#### Material for the task ####

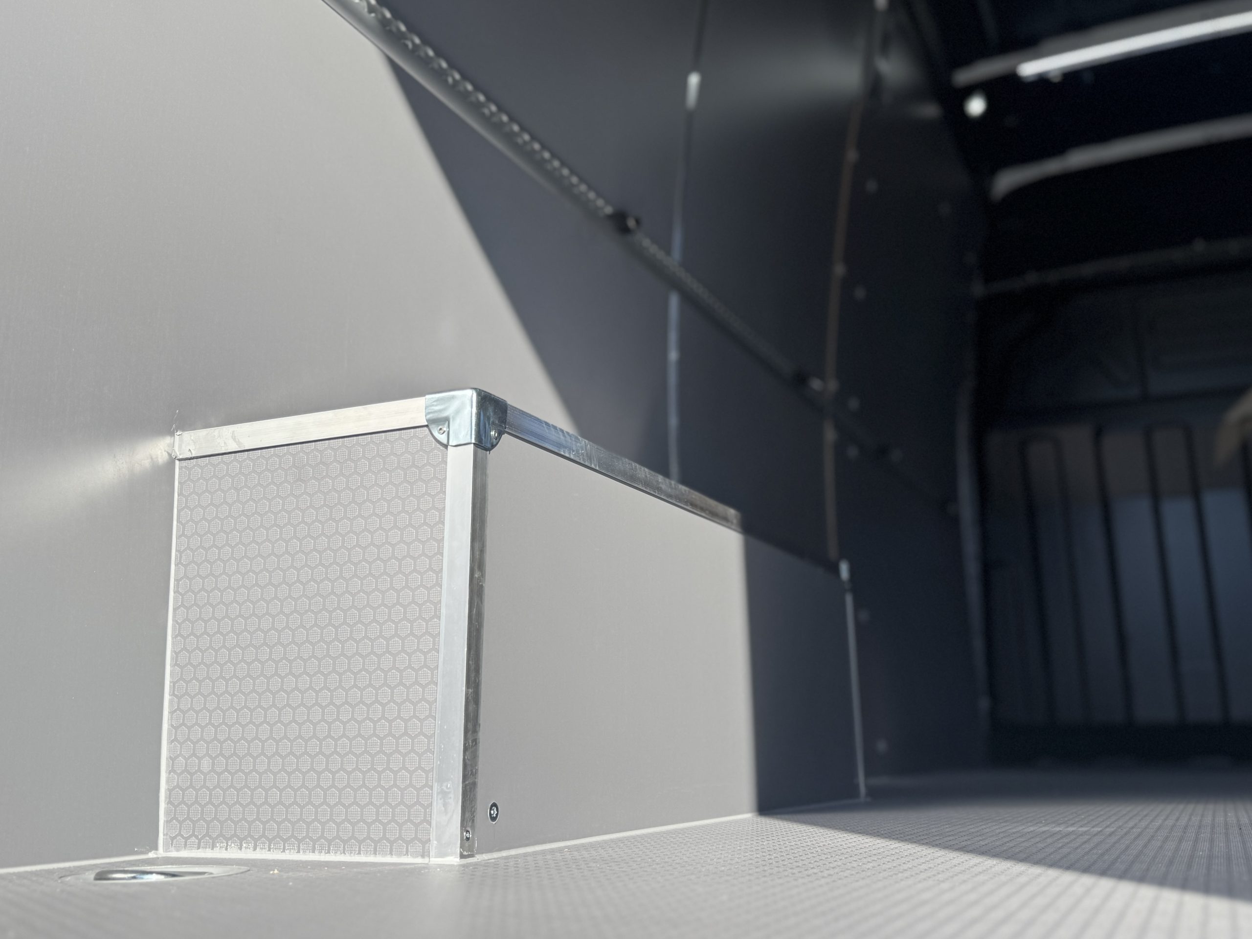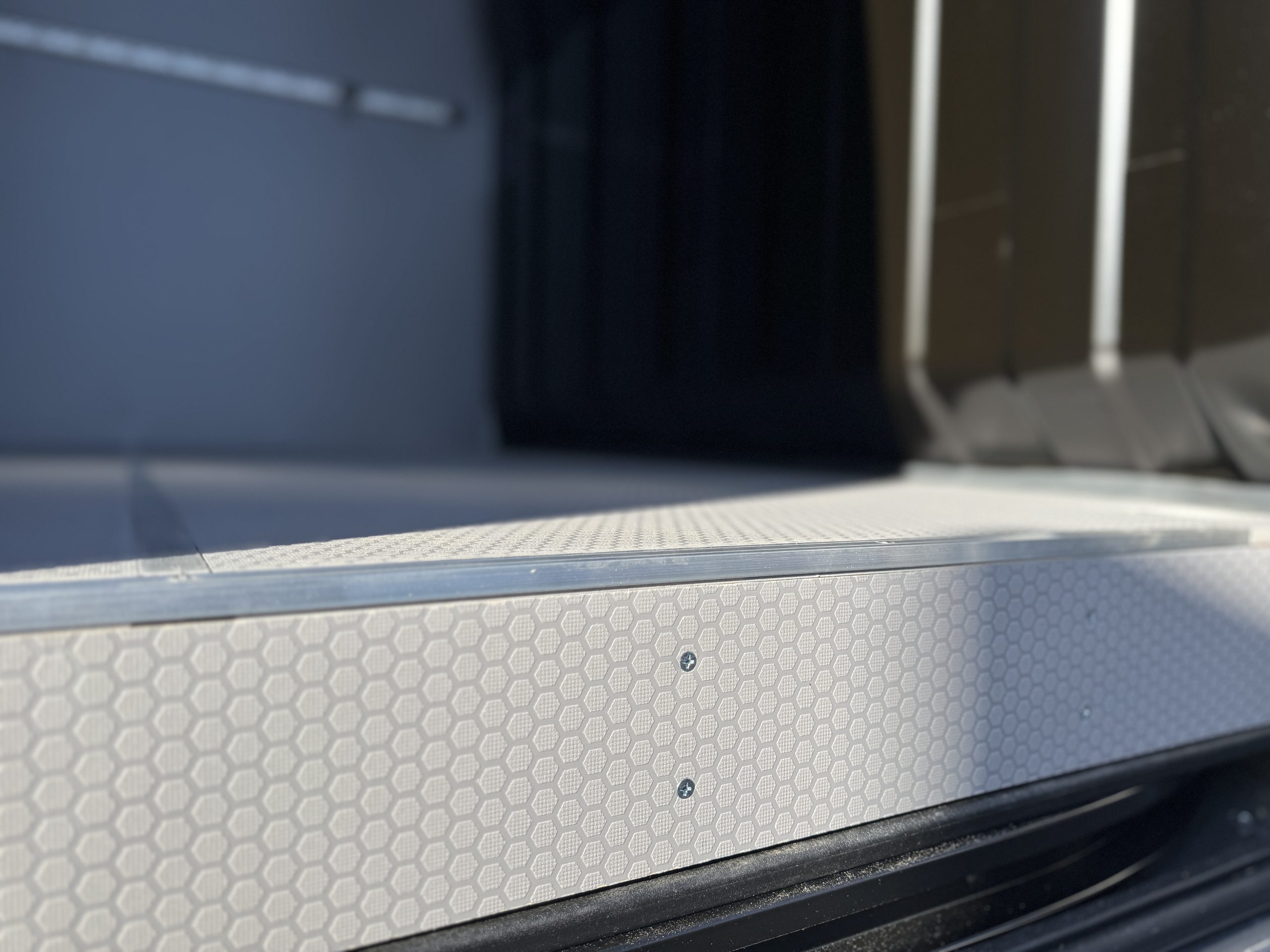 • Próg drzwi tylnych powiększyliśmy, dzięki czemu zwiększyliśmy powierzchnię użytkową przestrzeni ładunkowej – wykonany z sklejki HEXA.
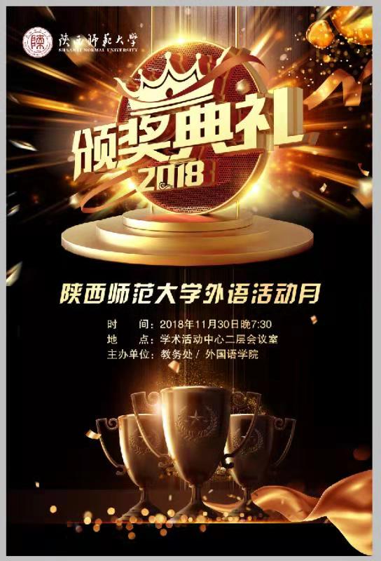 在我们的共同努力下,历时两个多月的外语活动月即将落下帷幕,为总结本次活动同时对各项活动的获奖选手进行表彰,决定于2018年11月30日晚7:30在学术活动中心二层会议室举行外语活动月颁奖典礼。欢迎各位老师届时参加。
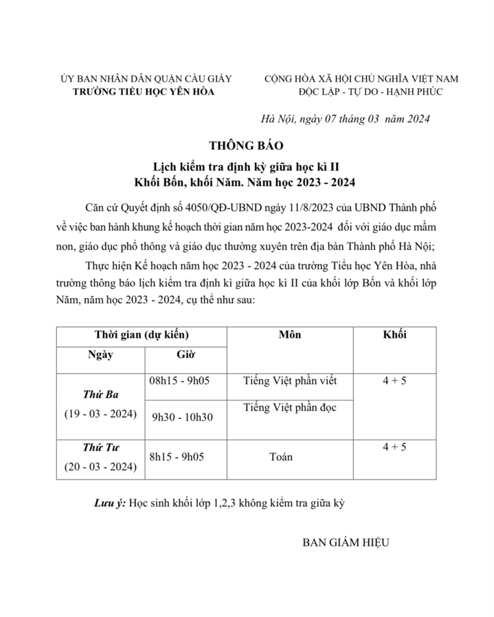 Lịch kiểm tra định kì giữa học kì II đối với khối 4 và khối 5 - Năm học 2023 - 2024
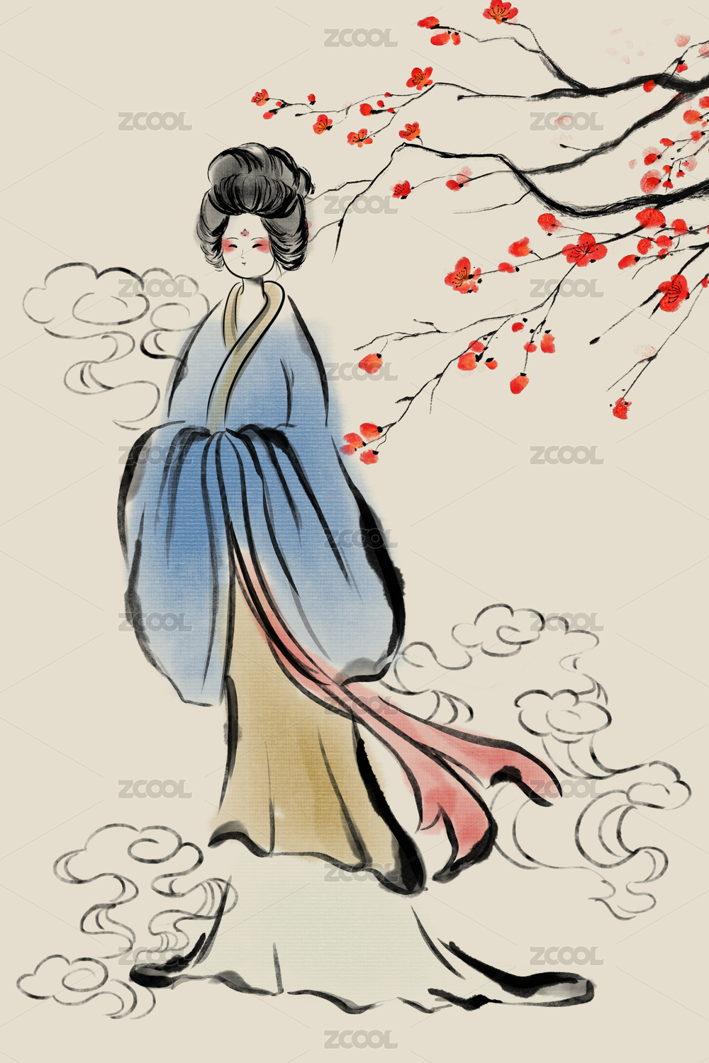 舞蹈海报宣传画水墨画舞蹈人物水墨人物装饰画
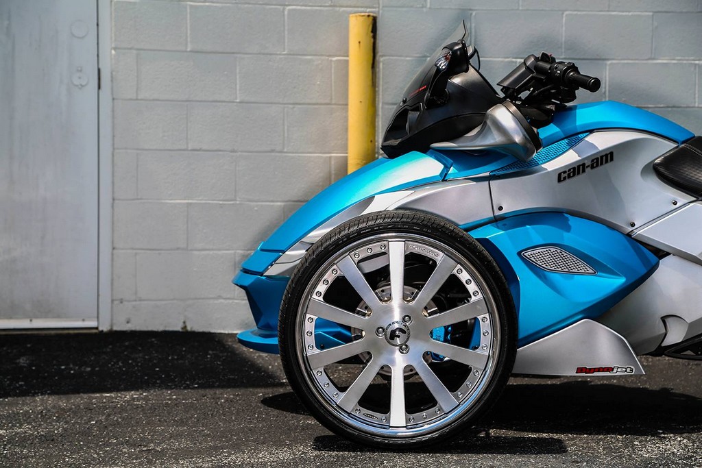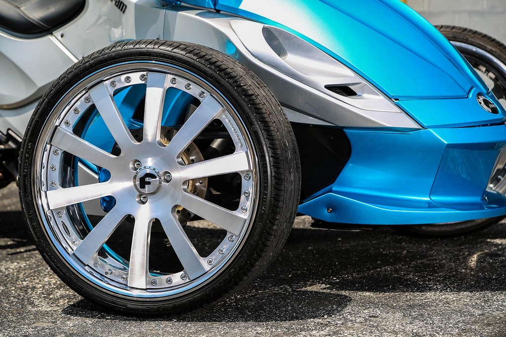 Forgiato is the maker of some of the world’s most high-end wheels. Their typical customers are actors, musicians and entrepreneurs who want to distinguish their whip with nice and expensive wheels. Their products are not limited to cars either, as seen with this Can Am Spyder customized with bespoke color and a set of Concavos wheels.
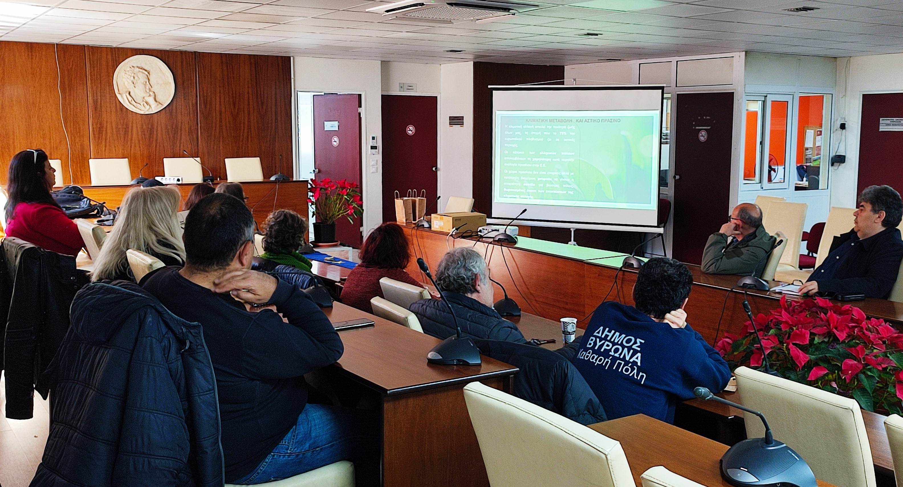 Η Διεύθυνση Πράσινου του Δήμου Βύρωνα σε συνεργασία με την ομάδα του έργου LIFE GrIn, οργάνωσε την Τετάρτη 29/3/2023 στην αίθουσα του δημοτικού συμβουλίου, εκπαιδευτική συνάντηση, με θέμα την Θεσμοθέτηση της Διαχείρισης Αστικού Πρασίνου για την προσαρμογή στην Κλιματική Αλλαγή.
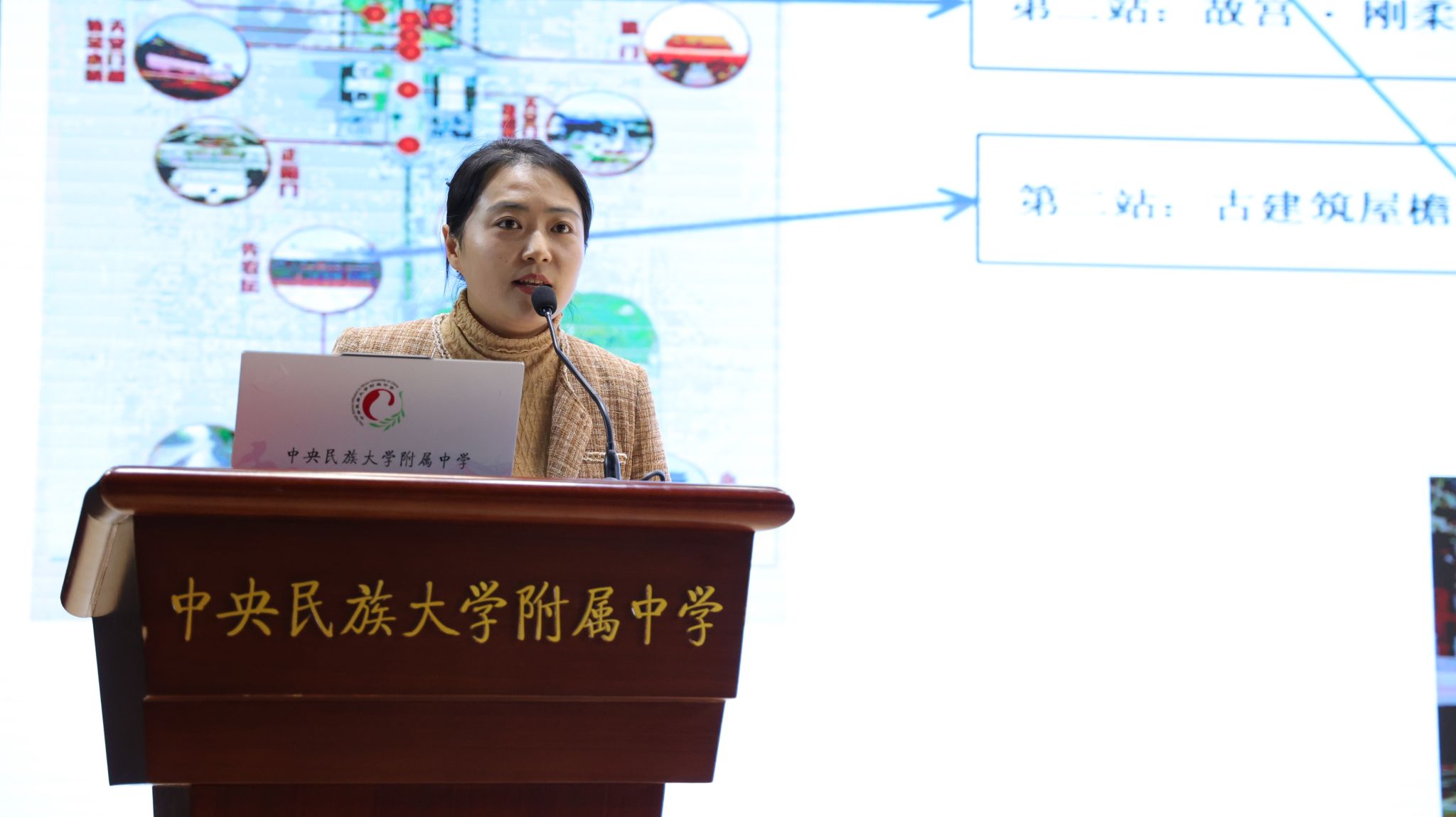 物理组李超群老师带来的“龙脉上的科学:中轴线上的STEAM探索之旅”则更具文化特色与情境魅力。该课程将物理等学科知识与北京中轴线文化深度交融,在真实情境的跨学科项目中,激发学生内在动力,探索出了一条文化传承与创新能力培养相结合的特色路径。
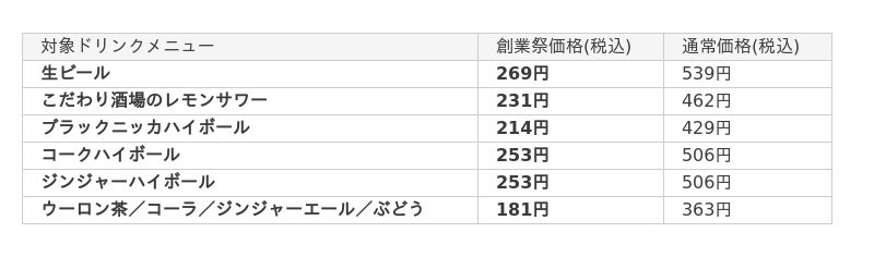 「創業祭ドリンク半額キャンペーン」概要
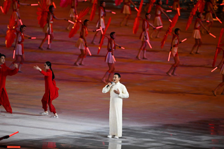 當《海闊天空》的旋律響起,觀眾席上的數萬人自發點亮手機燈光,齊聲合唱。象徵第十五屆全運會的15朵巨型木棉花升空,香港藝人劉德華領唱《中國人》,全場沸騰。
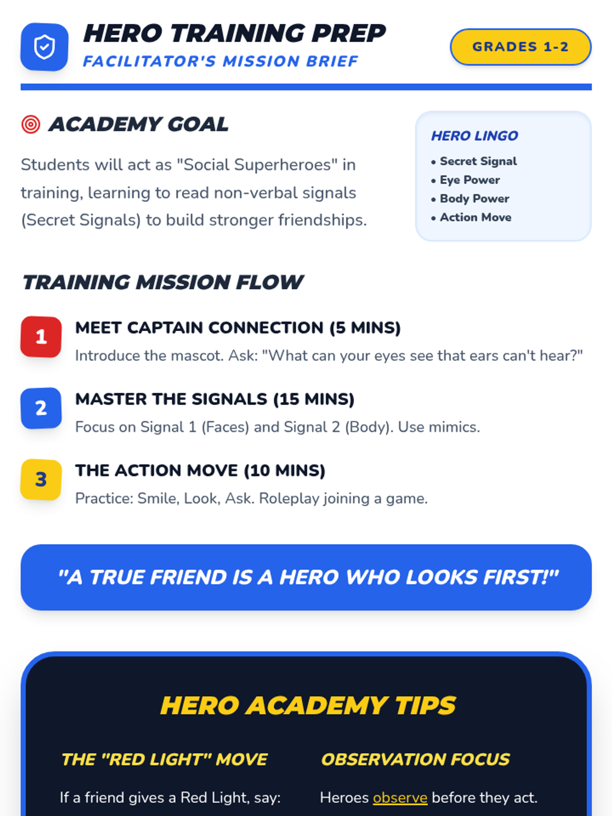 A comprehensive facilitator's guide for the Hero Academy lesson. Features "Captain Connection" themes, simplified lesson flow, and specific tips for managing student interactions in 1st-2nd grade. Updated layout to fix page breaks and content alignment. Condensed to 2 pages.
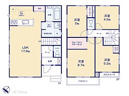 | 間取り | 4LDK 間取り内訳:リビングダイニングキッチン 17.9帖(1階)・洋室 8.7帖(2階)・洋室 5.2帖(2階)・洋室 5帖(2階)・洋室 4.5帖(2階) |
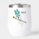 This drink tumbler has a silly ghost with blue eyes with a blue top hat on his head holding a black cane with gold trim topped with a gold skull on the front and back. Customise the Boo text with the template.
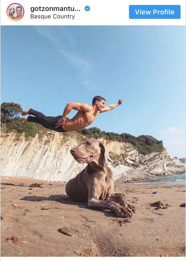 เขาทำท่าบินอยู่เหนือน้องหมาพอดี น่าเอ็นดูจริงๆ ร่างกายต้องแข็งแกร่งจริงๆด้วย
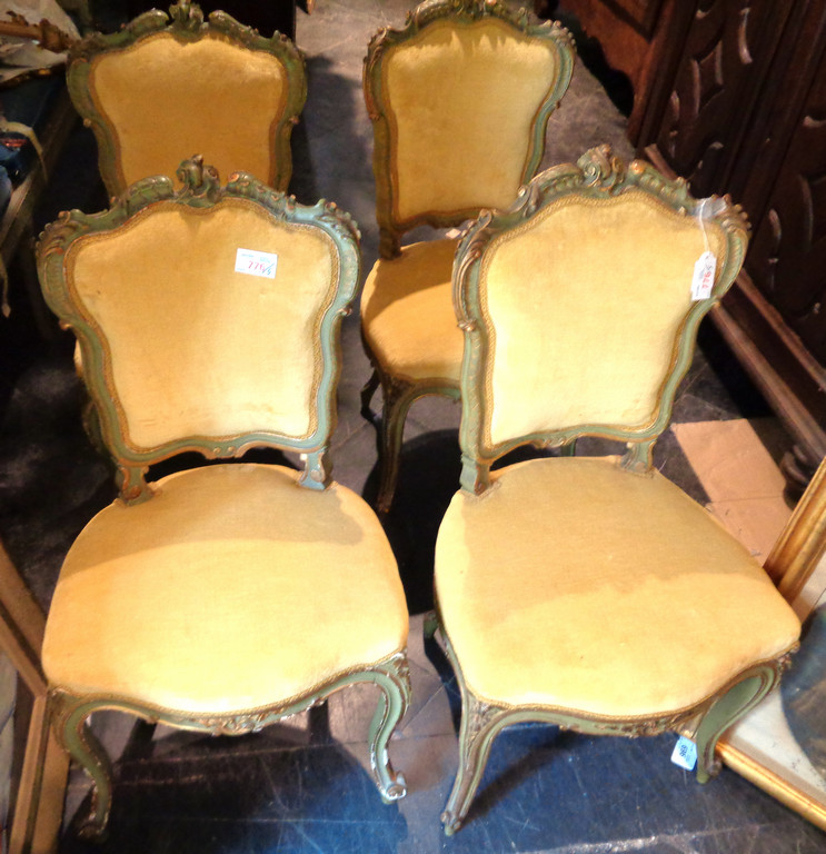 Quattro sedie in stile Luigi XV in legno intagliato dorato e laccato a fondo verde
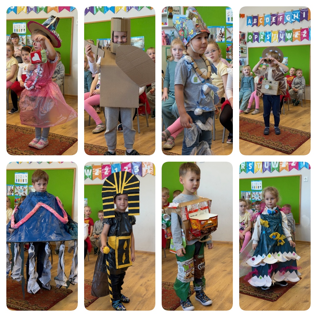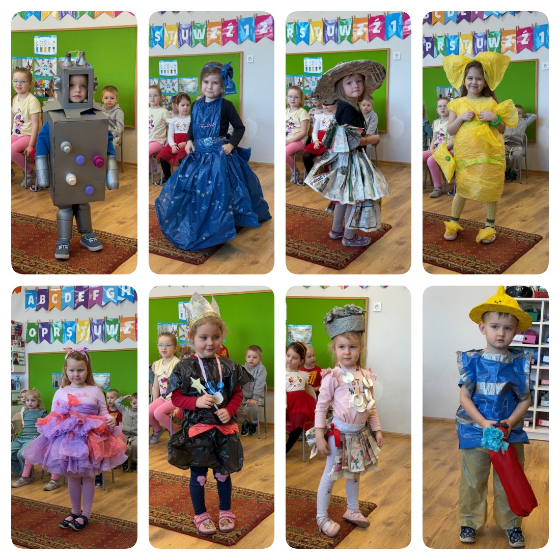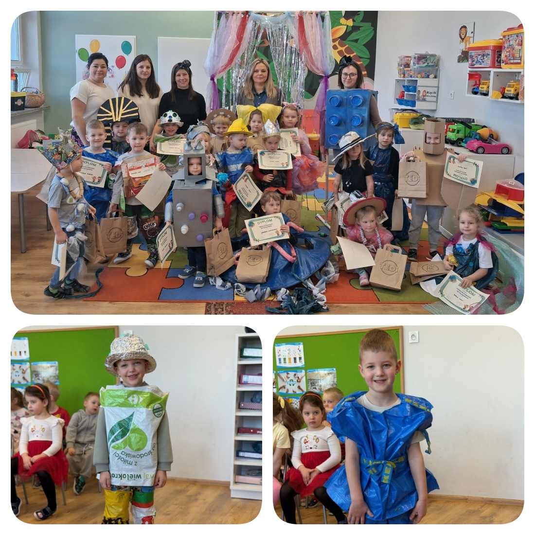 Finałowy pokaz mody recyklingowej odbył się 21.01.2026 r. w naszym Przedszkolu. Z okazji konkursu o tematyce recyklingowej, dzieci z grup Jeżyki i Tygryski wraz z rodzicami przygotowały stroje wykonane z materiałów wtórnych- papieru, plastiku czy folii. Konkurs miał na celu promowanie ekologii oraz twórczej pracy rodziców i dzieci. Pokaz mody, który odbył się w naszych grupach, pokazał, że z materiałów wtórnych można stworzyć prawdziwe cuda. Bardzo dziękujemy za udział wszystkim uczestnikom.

####

_How to complete this task_: Give the lines exactly, from the first line of the entries to the line with "在我们的共同努力下,历时两个", both ends included. Skip the pictures.

_Exercise solution_:
 • Próg drzwi tylnych powiększyliśmy, dzięki czemu zwiększyliśmy powierzchnię użytkową przestrzeni ładunkowej – wykonany z sklejki HEXA.
 在我们的共同努力下,历时两个多月的外语活动月即将落下帷幕,为总结本次活动同时对各项活动的获奖选手进行表彰,决定于2018年11月30日晚7:30在学术活动中心二层会议室举行外语活动月颁奖典礼。欢迎各位老师届时参加。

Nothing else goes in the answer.